I wish there was a GUI to enter my basic metadata about a PDF while I’m reading the info off the PDF. I’d love to experiment on the best way to do this, but jumping back and forth between two open files seems clumsy when I’m on my laptop. I wish I could split screen or have a little “add annotations” window like the Get Info one. Something like that would be nice.

“How do I add a bit of information to these documents?” does seem to be a reasonable question several people are facing. It sounds like it’s not simple to do this because there’s no universal way to include that information in the original file.

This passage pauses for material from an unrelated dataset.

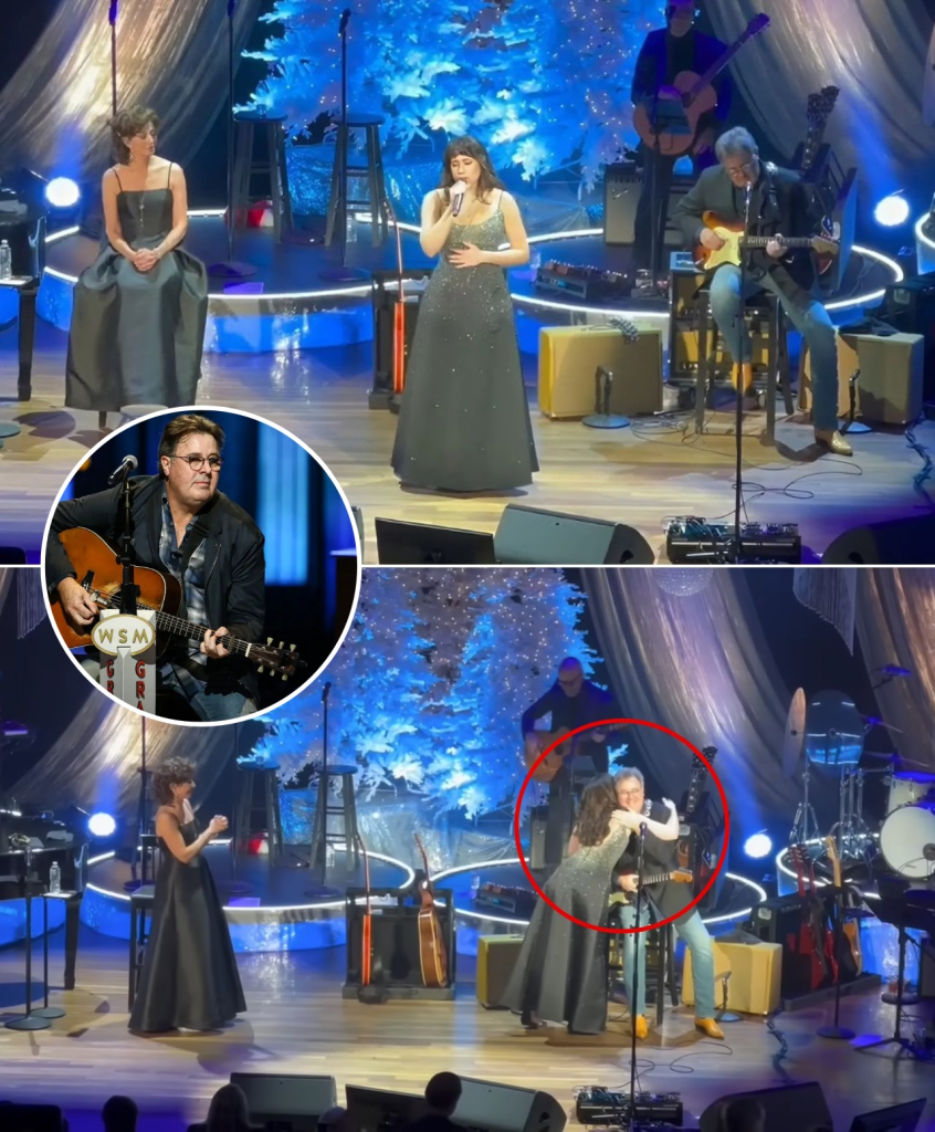 As the lights dimmed, Vince Gill stepped into the soft glow of center stage, guitar nestled against him like an old friend. But instead of beginning alone, he paused, turned toward the wings, and extended his hand.

I’m supportive of the obvious good of non-proprietary formats. When I exported from Scrivener to Devon, I found that Scrivener kept all its metadata in readable text files. This was good; I need to figure out how to make it useful in Devon, but at least it’s openly available to me.

If Devon could integrate this file-based “Kludge” in a way that uses exportable text-file formats, but makes it easily editable within the DevonThink window for each linked item (for users who want to use a GUI method) that might help people solve this issue. I think that would make things quite easy for me.

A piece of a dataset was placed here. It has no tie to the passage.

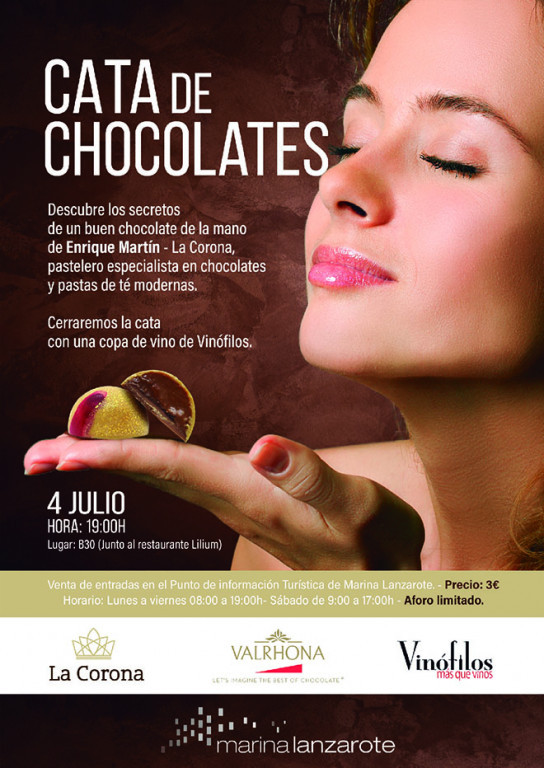 El jueves 4 de julio a las 19:00h, Enrique llevará a los asistentes a un viaje por los diferentes chocolates, enseñándonos a apreciar las diferencias de un buen chocolate. La jornada se rematará con una copa de vino de la mano de Vinófilos. Las entradas están a la venta a un precio de 3 euros en el Punto de Información Turística de Marina Lanzarote.

I’d be happy to beta-test!

Frederiko · May 23, 2013, 9:32am

First of all, thank you for all the advice and references! I will keep plugging a way at a set of applescripts to manage custom meta data and post them if I can make them more generalised.

I am with AccordionNoir on this one. I think custom document metadata is so fundamental to a document database that it shouldn’t have to be a kludge.

I like the way Scrivener gets this aspect right and I think its a model that would fit in quite nicely to Devonthink’s layout and structure:

This is the custom meta data pane (like Devonthink’s info pane) for a document

I also like the way the metadata fields can then be added to an outline view for sorting purposes. The really neat thing about this view is that it can be exported as a csv document for preparing indexes or summaries.

Scrivener, like Devonthink, also has an auto summary generator but the neat thing is that it becomes part of the document metadata as the synopsis.

(To be clear this is not a criticism of DT. I love its applescript API, much more flexible ui, sorter, its robustness and stability, the webserver … and so on. Its very deep and I discover more and more as I burrow away. Nevertheless i think Scrivener has a lot of good ideas which would work well in the DT paradigm)

Frederiko

Frederiko · May 23, 2013, 9:54am

Its easy getting the data out of Scrivener (either in the way you suggest through the export mechanism) or more flexibly by opening its package. Scrivener has a very open readable xml format. Open the scrivener package and then open the .scrivx file in a text editor (such as TextWrangler which will recognise it as xml). How to use DT and Scrivener together is the subject of some long threads (an convoluted solutions( in the Scrivener forum which are worth searching for.